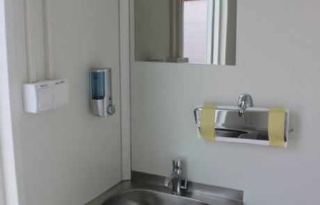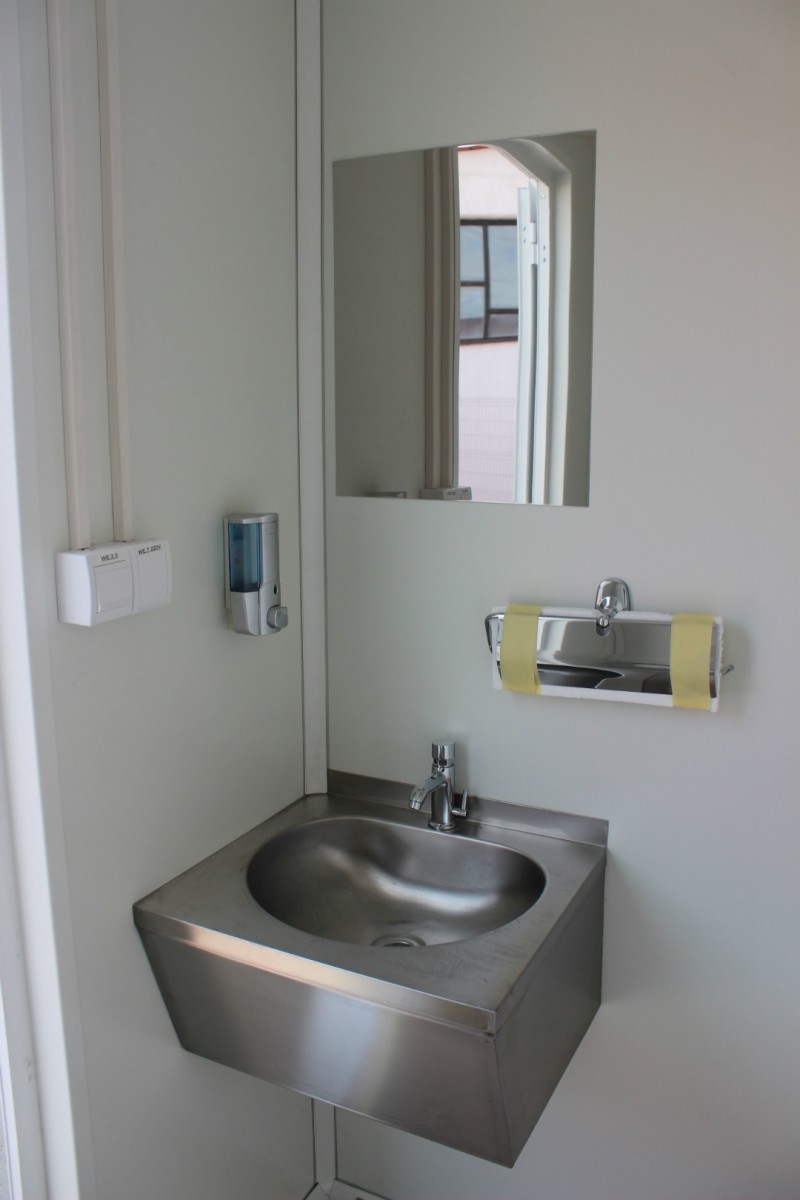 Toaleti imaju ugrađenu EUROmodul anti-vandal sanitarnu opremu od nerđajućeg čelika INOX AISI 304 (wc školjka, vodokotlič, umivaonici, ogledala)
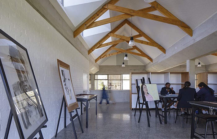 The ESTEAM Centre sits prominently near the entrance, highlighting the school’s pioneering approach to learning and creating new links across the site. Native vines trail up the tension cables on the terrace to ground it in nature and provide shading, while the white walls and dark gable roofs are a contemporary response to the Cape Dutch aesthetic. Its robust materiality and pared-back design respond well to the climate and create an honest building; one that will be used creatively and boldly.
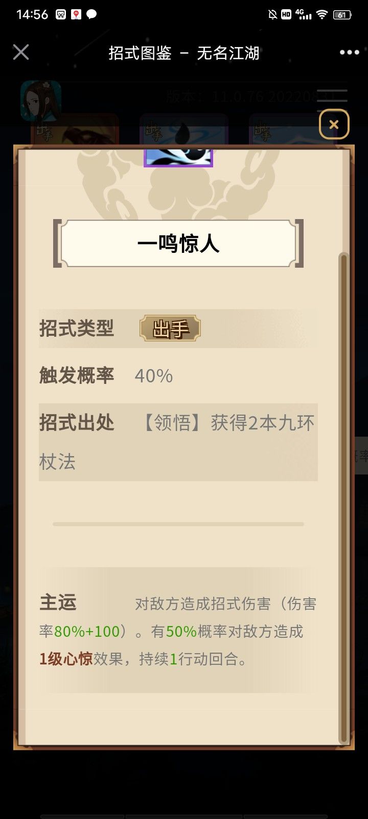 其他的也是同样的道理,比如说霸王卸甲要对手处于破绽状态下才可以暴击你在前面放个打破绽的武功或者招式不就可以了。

Your assignment: Copy every line above exactly; images stay out.

Answer section:
 Toaleti imaju ugrađenu EUROmodul anti-vandal sanitarnu opremu od nerđajućeg čelika INOX AISI 304 (wc školjka, vodokotlič, umivaonici, ogledala)
 The ESTEAM Centre sits prominently near the entrance, highlighting the school’s pioneering approach to learning and creating new links across the site. Native vines trail up the tension cables on the terrace to ground it in nature and provide shading, while the white walls and dark gable roofs are a contemporary response to the Cape Dutch aesthetic. Its robust materiality and pared-back design respond well to the climate and create an honest building; one that will be used creatively and boldly.
 其他的也是同样的道理,比如说霸王卸甲要对手处于破绽状态下才可以暴击你在前面放个打破绽的武功或者招式不就可以了。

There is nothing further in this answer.